The exam is over, it’s all been graded, and folks, I gave Berlin an A+ (even despite the fact that I went to Germany and did not see a single castle).
The city is warm and inviting, open for exploration, full of history, food, and beer. I didn’t see nearly close to all of it, but I saw a good part of Mitte, MuseumInsel, and Alexanderplatz, which was enough to tell me that this is an exciting city with tons of character. I even walked from my hotel in Mitte to the Judaisches Museum and over to the Kaiser-Wilhelm-Gedächtnis-Kirche by way of Potsdamer Platz (FANTASTIC Musical Instrument Museum) and then along Tiergarten where I saw NUDE male sunbathers! Talk about culture shock!
I’m still not used to the sight of people walking home with an open beer bottle in hand, nor do I think I’ll ever “get used to” the permanent odor of cigarette smoke that clouds the air, but all in all, this is a great European city.
Now I want to talk a little about Museum Island. In reality, the entire city of Berlin is like a giant museum. Its streets are dotted with statues, shrines and memorials honoring its own (sometimes infamous) history. There are sections of the Berlin Wall still standing with plaques illustrating its history and destruction. But museums of all sorts (modern art, photography, interactive, ancient, specific people, communication, etc.) are to be found in every neighborhood, and many are free the last 4 hours on Thursdays (and on Thursdays they are usually open late, some as late as 10pm!).

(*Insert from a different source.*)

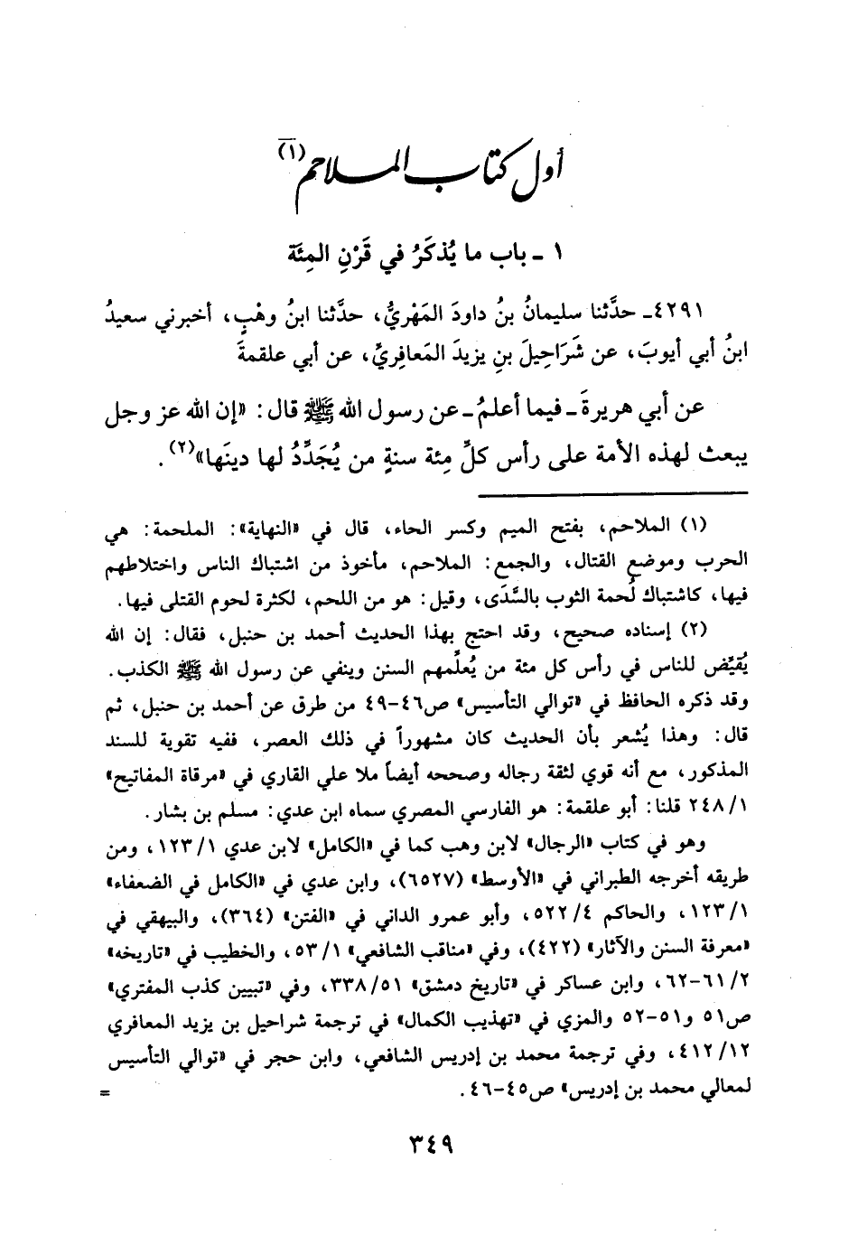 (¬٢) إسناده صحيح، وقد احتج بهذا الحديث أحمد بن حنبل، فقال: إن الله يُقيِّض للناس في رأس كل مئة من يُعلِّمهم السنن وينفي عن رسول الله - صلَّى الله عليه وسلم - الكذب.

My second day there I got a 3-day Museum Pass to all Stadt Museums which only cost 19 euros — this quite a deal, considering the Pergamon Museum alone costs about 12 euros! I spent the first 2 days of that Pass just on Museum Island! It is quite literally an island in the middle of the river, in the very center of town (well, technically it’s in what was once East Berlin), and it is filled with some of the world’s best museums. The Berlin Dom is also there. I can’t properly express just how excited I was to grace the halls of the Altes Museum and see the Berlin Painter’s name-sake vase,
to walk through the Pergamon Museum overcome with awe at the Ishtar Gates of Babylon,
and admire the architecture of the Neues Museum just to come across the room that holds the painted bust of Nefertiti.
These are simply highlights. I took hundreds of pictures on this island and I still didn’t manage to capture all that amazed me. It’s no wonder I felt I could easily spend the entire week in these museums alone and never see the rest of Berlin — but I’m glad I ended up exploring further afield.
So, do I like Berlin more than I like Paris? I’d say that’s an unfair question. Both European capitals are charming and fantastic in their own rights, and I, for one, will not take sides.
There’s just something so enticing about a living history that comes with a city — something you find everywhere in Europe (especially in Rome! Oh Roma, ti amo); it just never gets old (hehe).